FEAT: support guided decoding for vllm async engine #2391

wxiwnd · 2024-10-03T06:17:44Z

Support Guided Decoding for vllm async engine
waiting for vllm release, a version bump is needed.

#1562
vllm-project/vllm#8252

qinxuye · 2024-10-11T05:01:49Z

Which version is required?

wxiwnd · 2024-10-11T05:16:24Z

Which version is required?

latest version after 0.6.2, waiting for vllm to release new version

qinxuye · 2024-10-17T09:37:46Z

vllm has release v0.6.3, is this PR ready to work?

wxiwnd · 2024-10-17T17:49:21Z

I will do the test.

…

________________________________ 寄件者: Xuye Qin ***@***.***> 寄件日期: 星期四, 10月 17, 2024 5:38:13 下午收件者: xorbitsai/inference ***@***.***> 副本: wxiwnd ***@***.***>; Author ***@***.***> 主旨: Re: [xorbitsai/inference] feat: support guided decoding for vllm async engine (PR #2391) vllm has release v0.6.3, is this PR ready to work? — Reply to this email directly, view it on GitHub<#2391 (comment)>, or unsubscribe<https://github.com/notifications/unsubscribe-auth/AJSDNXWKTHLIQE35VTQLT23Z36AQDAVCNFSM6AAAAABPJCVJQOVHI2DSMVQWIX3LMV43OSLTON2WKQ3PNVWWK3TUHMZDIMJZGA2DOMZWGE>. You are receiving this because you authored the thread.Message ID: ***@***.***>

wxiwnd · 2024-10-22T09:57:53Z

vllm has release v0.6.3, is this PR ready to work?

Works on my machine now
Also This PR implemented response_format call, like:

curl --location --request POST 'http://ip:9997/v1/chat/completions' \
--header 'User-Agent: Apifox/1.0.0 (https://apifox.com)' \
--header 'Content-Type: application/json' \
--data '{
    "model": "qwen1.5-32b-chat-int4",
    "messages": [
        {
            "role": "user",
            "content": "“give me a recipe in json format"
        }
    ],
    "temperature": 0,
    "max_tokens": 1000,
    "stream": true,
    "response_format": {"type": "json_object"}
}'

qinxuye · 2024-10-22T14:31:50Z

vllm has release v0.6.3, is this PR ready to work?

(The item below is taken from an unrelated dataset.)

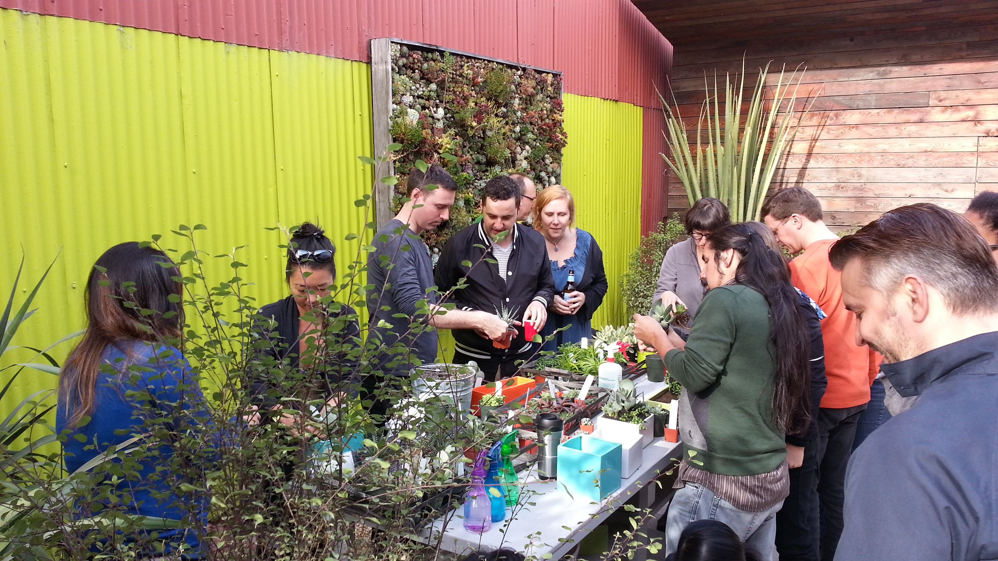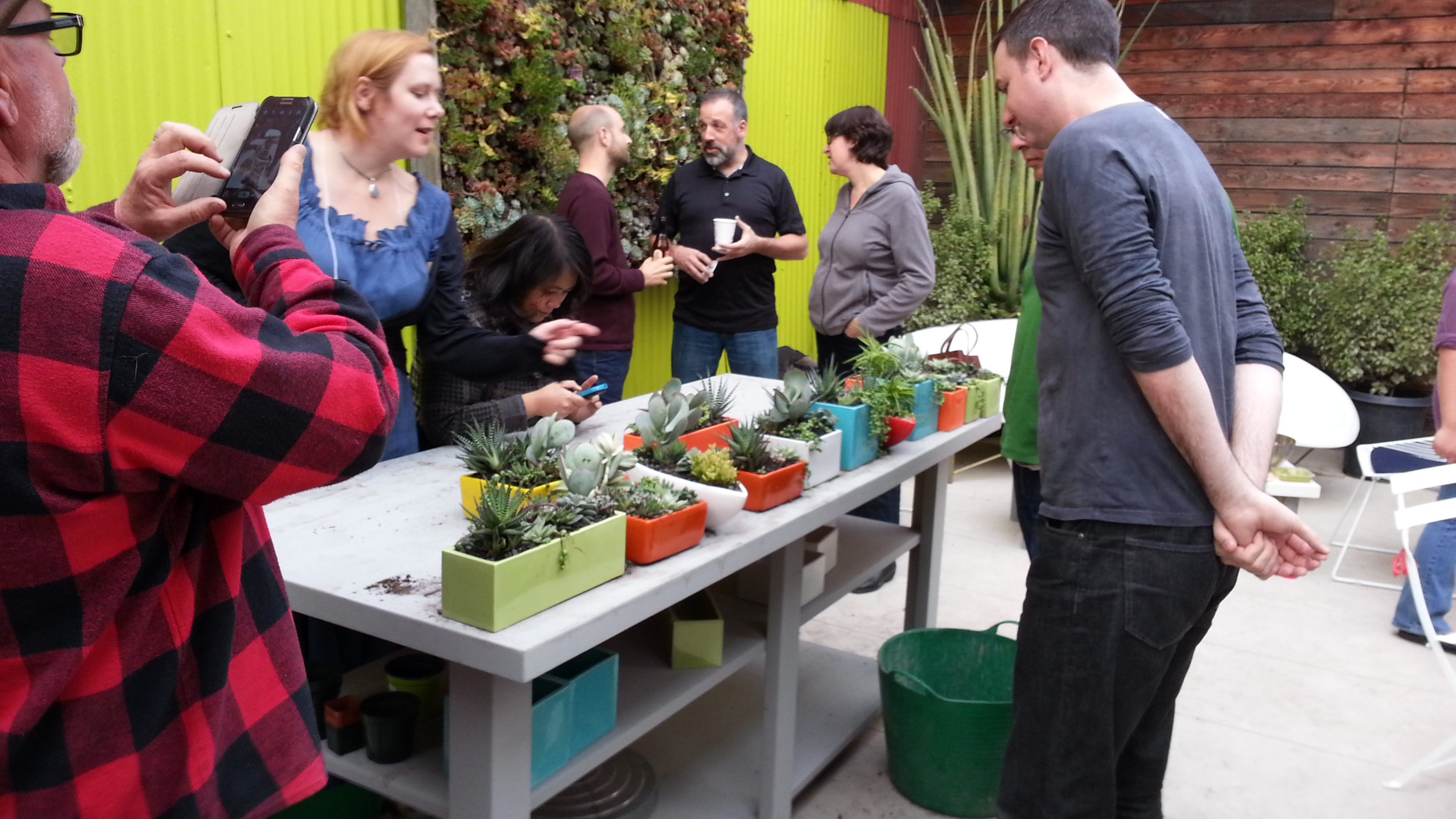 The group were enthusiastic. Patrick and I gave a quick overview of how you can be brutal with succulents to make them conform to your needs, showed how to plant them, discussed their cultural needs, and informed about the tricks of watering them in containers that don’t drain. Then, we turned them loose. A coworker, our events coordinator Jim Kumiega, had gathered a selection of pottery and succulents appropriate for indoor life and centerpieces ahead of the event, with a mind for an average cost per finished piece that had been agreed upon previously. They all paired off and grabbed what appealed to them, and Patrick and I checked back with them regularly to offer additional guidance.
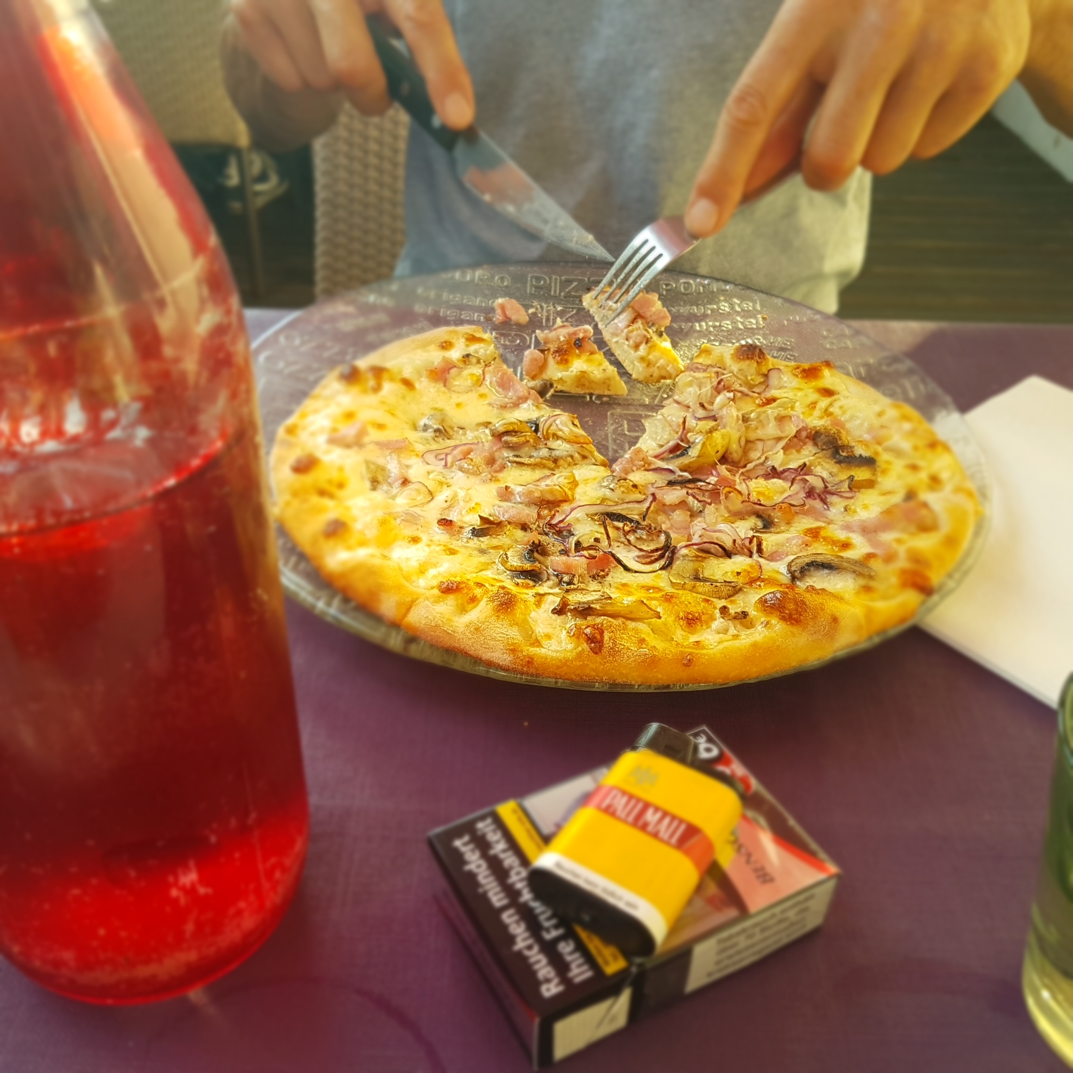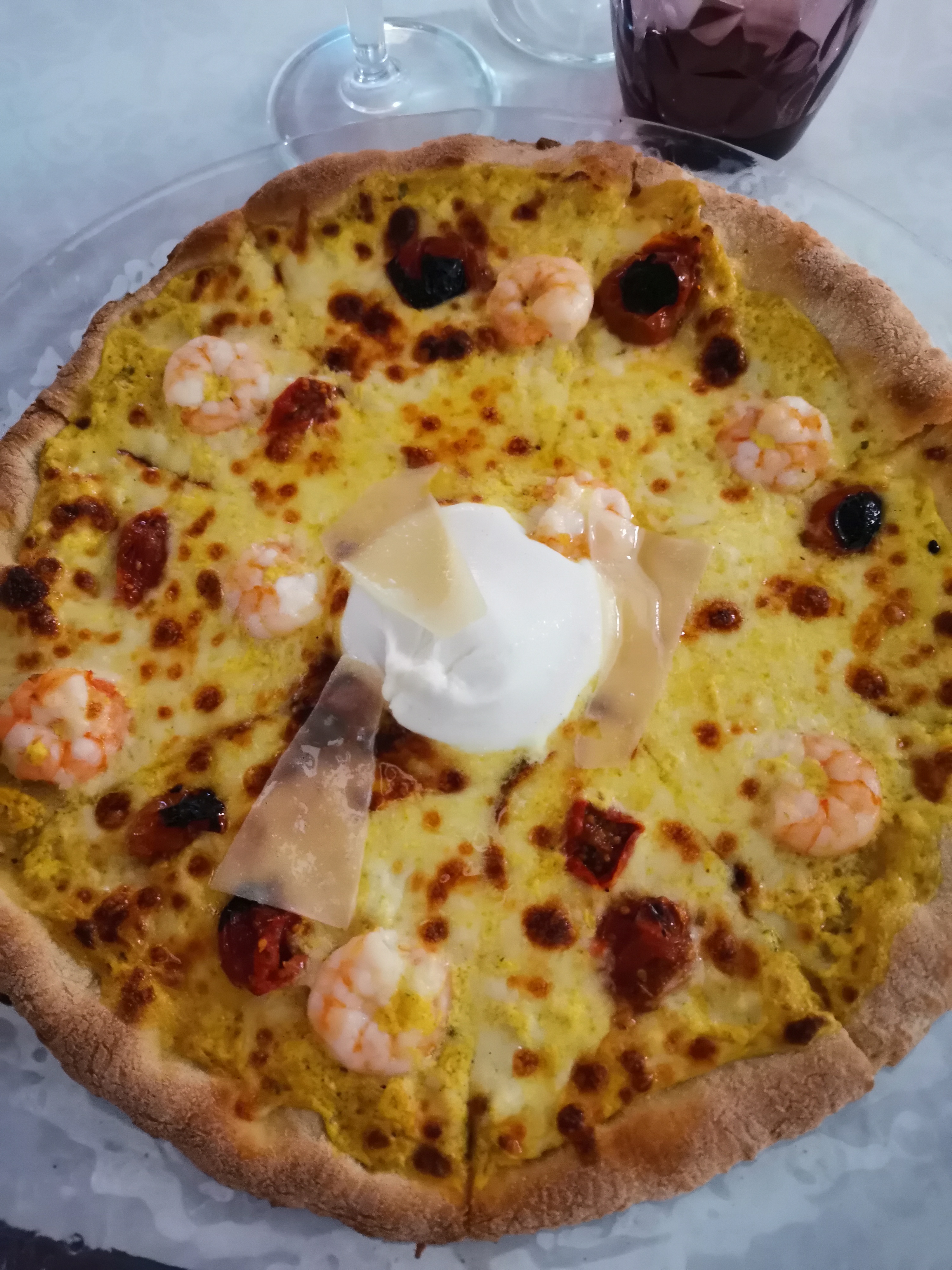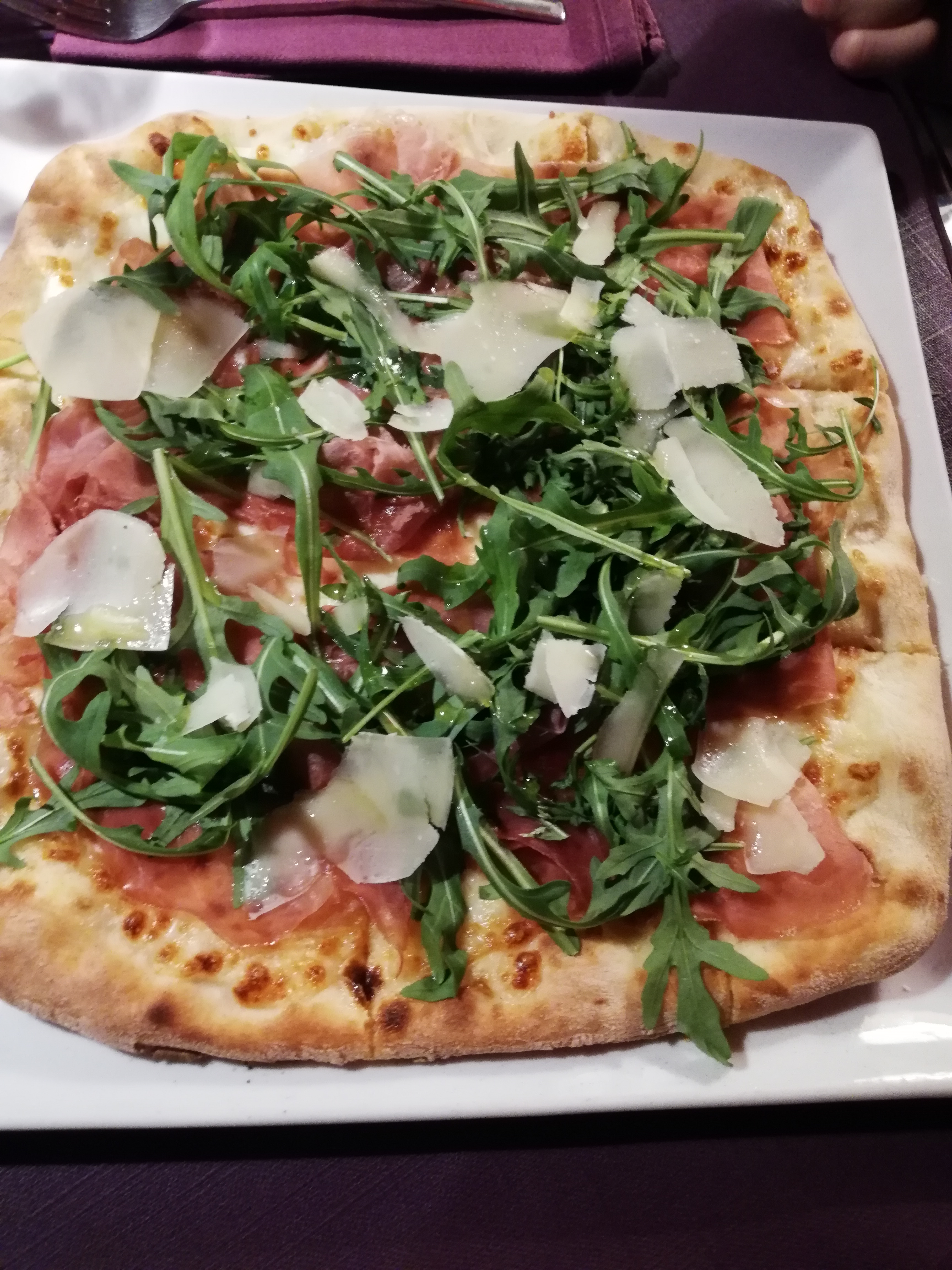 Pizza pas bien cuite, les ingrédients glisse sur la pâtes trop salé. Pizza précoupé en tranches car assiettes en verres transparente bombé non adapté donc difficile à couper. Prix excessif. Dommage.

Works on my machine now Also This PR implemented response_format call, like:

curl --location --request POST 'http://ip:9997/v1/chat/completions' \
--header 'User-Agent: Apifox/1.0.0 (https://apifox.com)' \
--header 'Content-Type: application/json' \
--data '{
    "model": "qwen1.5-32b-chat-int4",
    "messages": [
        {
            "role": "user",
            "content": "“give me a recipe in json format"
        }
    ],
    "temperature": 0,
    "max_tokens": 1000,
    "stream": true,
    "response_format": {"type": "json_object"}
}'

Can you confirm there is no exception if the vllm is an old version?

wxiwnd · 2024-10-26T08:58:28Z

vllm has release v0.6.3, is this PR ready to work?

Works on my machine now Also This PR implemented response_format call, like:

curl --location --request POST 'http://ip:9997/v1/chat/completions' \
--header 'User-Agent: Apifox/1.0.0 (https://apifox.com)' \
--header 'Content-Type: application/json' \
--data '{
    "model": "qwen1.5-32b-chat-int4",
    "messages": [
        {
            "role": "user",
            "content": "“give me a recipe in json format"
        }
    ],
    "temperature": 0,
    "max_tokens": 1000,
    "stream": true,
    "response_format": {"type": "json_object"}
}'

Can you confirm there is no exception if the vllm is an old version?

It now works properly even if vllm version < 0.6.3
All the guided encoding parameters will be ignored if vllm version is under 0.6.3

xinference/_compat.py

xinference/api/restful_api.py

Signed-off-by: wxiwnd <[email protected]>

wxiwnd · 2024-11-24T18:36:40Z

This feature has been tested on my machine and appears to be functioning properly. @qinxuye

qinxuye · 2024-11-28T12:00:13Z

This feature has been tested on my machine and appears to be functioning properly. @qinxuye

Thanks, hope we can merge this before tomorrow before new version released.

qinxuye

LGTM

qinxuye · 2024-11-28T12:01:49Z

Thanks, I think we can port the ability of guide decoding for other engines later.

wxiwnd · 2024-11-28T14:06:18Z

Thanks, I think we can port the ability of guide decoding for other engines later.

That's OK, we can use outlines directly for other engines.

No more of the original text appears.